--- Source information ---
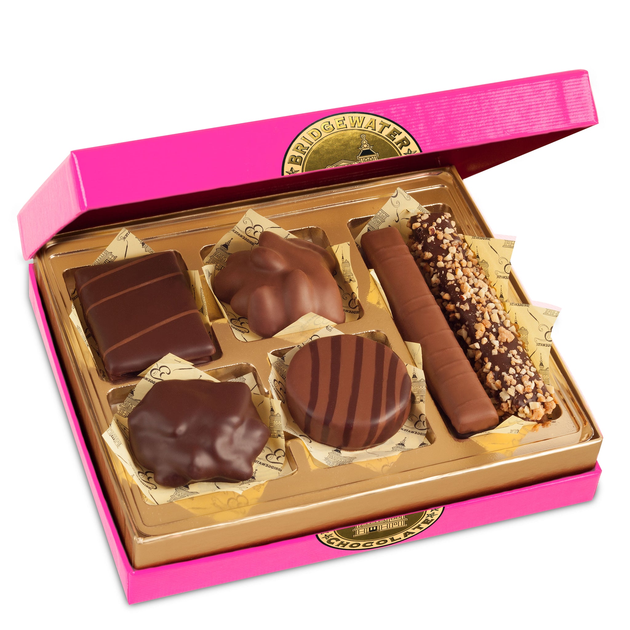 Our Pink Assortment boxes contains a variety of Caramels, Toffees, Törtéls (nuts and caramel), Solid Belgian Chocolate and Peanut Butter. All our confections are carefully dipped in our own blend of the finest milk and dark (68%) chocolate.
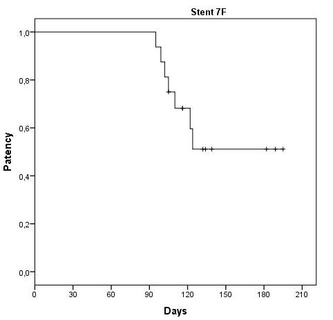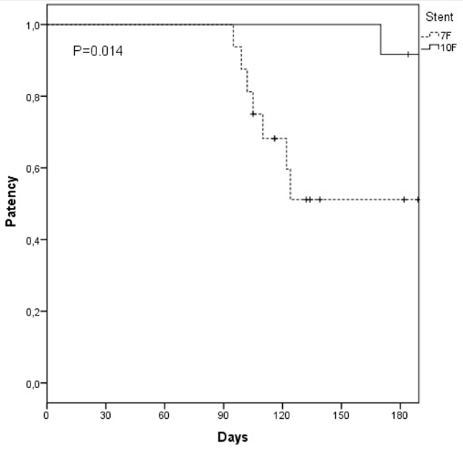 Our results demonstrated technical and clinical success in 100% of patients in both groups (7F versus 10F plastic prostheses). The primary patency was significantly higher in the group that used 10F PBS with 230.3days (95% confidence interval: from 214.0 to 246.7days) versus 153.2days (95% confidence interval: 130.5 to 175.9days) of the 7F prosthesis (P=0.014). In the 7F PBS group, the earliest dysfunction occurred 95days after the stent implantation, whereas in the 10F group, the earliest stent dysfunction occurred 170days after implantation, therefore almost twice as long. Around 170days after implantation, practically when all 7F stents were already occluded, 10F stents started to obstruct/occlude. We also note that the need to replace PBS with self-expandable metal stents (SEMS) was greater in the group that used 7F, 43% vs 25%, due to the greater number of obstructions. Another indication of the superiority, in terms of longer patency of 10F PBS over the 7F.
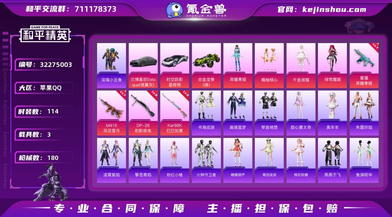 精品号4粉6特3载具 2把满级枪皮 苹果 手Q-4粉装-6特效枪-3载具-6粉色飞行器-59369热力值-12王牌印记-114套装-180枪皮 【热门品类】:套装-深海小丑鱼,套装-粉红小猪 【粉色套装】:粉装-橘柚倾心,角色-千金淑猫,角色-绯穹魔姬,角色-异瞳寒姬 【粉色枪皮等级】:AKM-暮色玫影(三级),M416-风花雪月(七级),蜜獾-异瞳寒姬(七级),Kar98K-巳巳如意(五级),Mk14-福马献瑞(五级),DP-28-豹影疾电(五级) 【粉色载具】:兰博基尼Estoque(银翼灰),时空跃影(星辉银),合金龙骨(绿) 【粉色枪皮】:AKM-暮色玫影,M416-风花雪月,蜜獾-异瞳寒姬,Kar98K-巳巳如意,Mk14-福马献瑞,DP-28-豹影疾电 【粉色飞行器】:炫彩糖果飞行器,梦幻火箭飞行器,庄周梦蝶飞行器,凤舞九天飞行器,万象金身飞行器,极意拳锋飞行器 【粉色降落伞】:绝对恒星降落伞,春暖花开降落伞,筑梦精灵降落伞,第五大道降落伞,仲夏莫吉托降落伞,精灵梦叶罗丽降落伞,千金淑猫降落伞,月影灵韵降落伞,金蛇镇世降落伞,樱桃泡泡降落伞,圣域龙灵降落伞,炫彩糖果降落伞 【稀有套装】:角色-甜心蒙太奇,套装-雪国风尚,套装-炫彩糖果,套装-马上有钱,套装-火种守卫者,套装-糖糖葫芦,套装-青团波波...
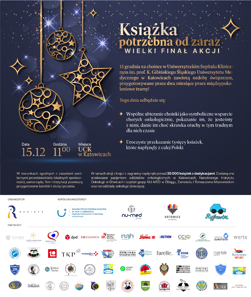 Książki Zostaną przekazane pacjentom oddziałów onkologicznych w Katowicach, Narodowego Instytutu Onkologii w Gliwicach i szpitali grupy NU-MED w Elblągu, Zamościu i Tomaszowie Mazowieckim oraz na oddziały dziecięce.
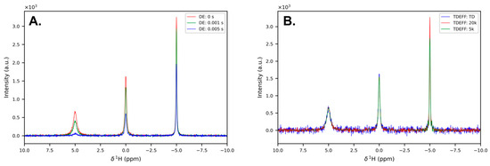 Simulation of 1D 1H NMR spectra for signals of different T2 (2 s−1, 5 s−1, 10 s−1) processed for different DE values (A) and at different TDEFF (B). A DW = 3 us and TD = 65 k data points were used, corresponding to effective acquisition times for the three spectra in (B) of 0.200 s, 0.0614 s, and 0.0154 s.
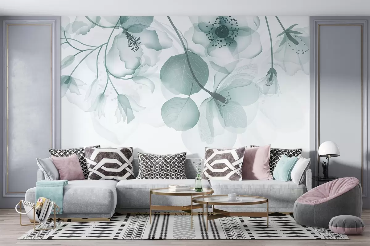 Fototapetak Finom, visszafogott türkizkék áttetsző virágok lágy szirmokkal és sötét középponttal, világos háttér előtt Nr. w08613v1
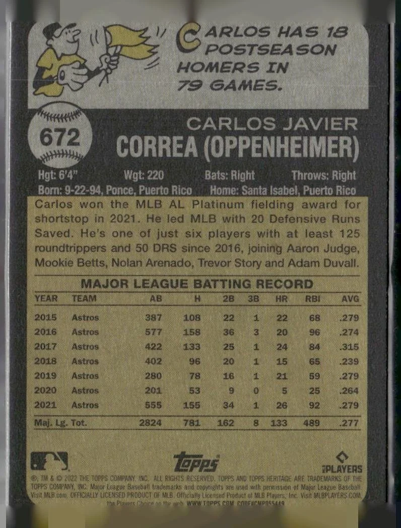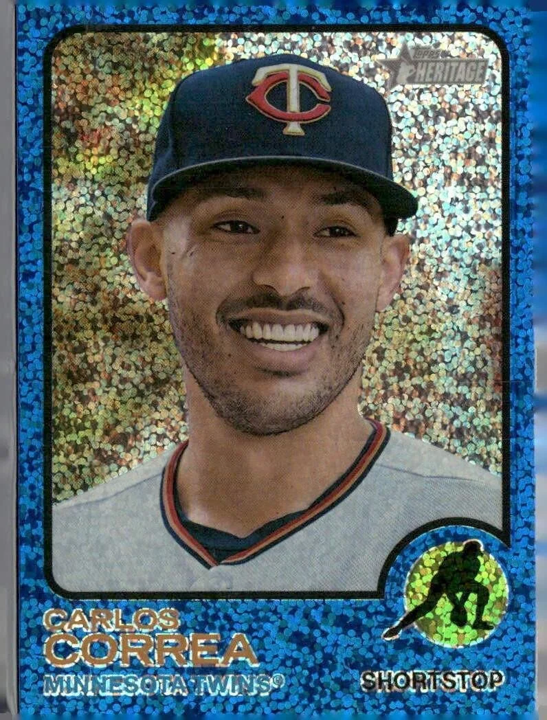 This is a nice example of a 2022 Topps Heritage #672 Carlos Correa Chrome Blue Sparkle
---
=== The task ===
The entries must be repeated exactly. Leave the images out.

=== Your solution ===
 Our Pink Assortment boxes contains a variety of Caramels, Toffees, Törtéls (nuts and caramel), Solid Belgian Chocolate and Peanut Butter. All our confections are carefully dipped in our own blend of the finest milk and dark (68%) chocolate.
 Our results demonstrated technical and clinical success in 100% of patients in both groups (7F versus 10F plastic prostheses). The primary patency was significantly higher in the group that used 10F PBS with 230.3days (95% confidence interval: from 214.0 to 246.7days) versus 153.2days (95% confidence interval: 130.5 to 175.9days) of the 7F prosthesis (P=0.014). In the 7F PBS group, the earliest dysfunction occurred 95days after the stent implantation, whereas in the 10F group, the earliest stent dysfunction occurred 170days after implantation, therefore almost twice as long. Around 170days after implantation, practically when all 7F stents were already occluded, 10F stents started to obstruct/occlude. We also note that the need to replace PBS with self-expandable metal stents (SEMS) was greater in the group that used 7F, 43% vs 25%, due to the greater number of obstructions. Another indication of the superiority, in terms of longer patency of 10F PBS over the 7F.
 精品号4粉6特3载具 2把满级枪皮 苹果 手Q-4粉装-6特效枪-3载具-6粉色飞行器-59369热力值-12王牌印记-114套装-180枪皮 【热门品类】:套装-深海小丑鱼,套装-粉红小猪 【粉色套装】:粉装-橘柚倾心,角色-千金淑猫,角色-绯穹魔姬,角色-异瞳寒姬 【粉色枪皮等级】:AKM-暮色玫影(三级),M416-风花雪月(七级),蜜獾-异瞳寒姬(七级),Kar98K-巳巳如意(五级),Mk14-福马献瑞(五级),DP-28-豹影疾电(五级) 【粉色载具】:兰博基尼Estoque(银翼灰),时空跃影(星辉银),合金龙骨(绿) 【粉色枪皮】:AKM-暮色玫影,M416-风花雪月,蜜獾-异瞳寒姬,Kar98K-巳巳如意,Mk14-福马献瑞,DP-28-豹影疾电 【粉色飞行器】:炫彩糖果飞行器,梦幻火箭飞行器,庄周梦蝶飞行器,凤舞九天飞行器,万象金身飞行器,极意拳锋飞行器 【粉色降落伞】:绝对恒星降落伞,春暖花开降落伞,筑梦精灵降落伞,第五大道降落伞,仲夏莫吉托降落伞,精灵梦叶罗丽降落伞,千金淑猫降落伞,月影灵韵降落伞,金蛇镇世降落伞,樱桃泡泡降落伞,圣域龙灵降落伞,炫彩糖果降落伞 【稀有套装】:角色-甜心蒙太奇,套装-雪国风尚,套装-炫彩糖果,套装-马上有钱,套装-火种守卫者,套装-糖糖葫芦,套装-青团波波...
 Książki Zostaną przekazane pacjentom oddziałów onkologicznych w Katowicach, Narodowego Instytutu Onkologii w Gliwicach i szpitali grupy NU-MED w Elblągu, Zamościu i Tomaszowie Mazowieckim oraz na oddziały dziecięce.
 Simulation of 1D 1H NMR spectra for signals of different T2 (2 s−1, 5 s−1, 10 s−1) processed for different DE values (A) and at different TDEFF (B). A DW = 3 us and TD = 65 k data points were used, corresponding to effective acquisition times for the three spectra in (B) of 0.200 s, 0.0614 s, and 0.0154 s.
 Fototapetak Finom, visszafogott türkizkék áttetsző virágok lágy szirmokkal és sötét középponttal, világos háttér előtt Nr. w08613v1
 This is a nice example of a 2022 Topps Heritage #672 Carlos Correa Chrome Blue Sparkle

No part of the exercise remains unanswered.